Or, maybe you’ll just become a bounty hunter, tracking the scum of the universe and obliterating them so you can earn the price on their heads. There are numerous options available to you in Elite Dangerous, and all of them are viable, but they take a lot of work.

Before we dive into the gameplay and presentation, like with any review, I want to share with you all my story. While it’s impossible to “complete” Elite Dangerous, I sought to wrap my head around as many of the concepts and mechanics it had to offer, so I could truly grasp the scope and scale of the game.

So, without further adieu, here’s my Elite Dangerous story.

The Captain’s Log of Cerafith’s Call: My Elite Dangerous Story

Elite Dangerous

When I first started Elite Dangerous, I dove into the tutorials. I had heard the stories about that infamous learning curve, so I decided to hit it head on. The tutorials do a pretty good job of explaining the basics, but even those basics can be complicated.

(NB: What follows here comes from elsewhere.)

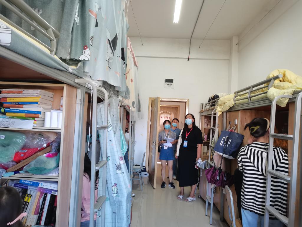 全面清查,住者入册,认真落实属地管理责任。为贯彻落实楼层长负责制,摸清教学区、生活区人数,检测筛查不漏一人,全力以赴做到疫情防控滴水不漏,江宣成、张贤、彭丹分别投入到教工住宅区、学生宿舍区的抗疫协调管理工作。为彻底摸清封控人数,确保一人不漏、一人不错,抗疫人员积极参与入户排查和筛查工作,针对学生、职工、家属、商户、租户、滞留人员等,逐层逐室负责上门登记造册、统计人员异动、清查人员类型等工作,同时按部就班定期组织全员核酸检测、抗原检测,并为特殊家庭、特殊人群负责上门检测服务。

For example, the first time I tried to learn how to enter a station and dock my ship, it took about, oh, twenty minutes? The game does approximately zero hand-holding, which is not a bad thing, but you should know that going in. Other things like combat are more straightforward, but still, offer a lot of options for how you want to approach a given situation.

With a basic knowledge of flight, mining, planetary exploration, and combat, I decided to enter the game’s world. I started out with nothing but my ship, some credits, and a pocket full of dreams. I explored the menus in the station where I was docked and then decided to set sail upon the ocean of stars.

Remembering to pull up my landing gear took a while, but I eventually realized I wasn’t hitting top speed because they were deployed. While Elite Dangerous absolutely encourages exploring, you’ll need to have a destination in mind. Simply gliding through space is nice, but the distances are to scale, so you could literally fly at a planet for hours and not reach it.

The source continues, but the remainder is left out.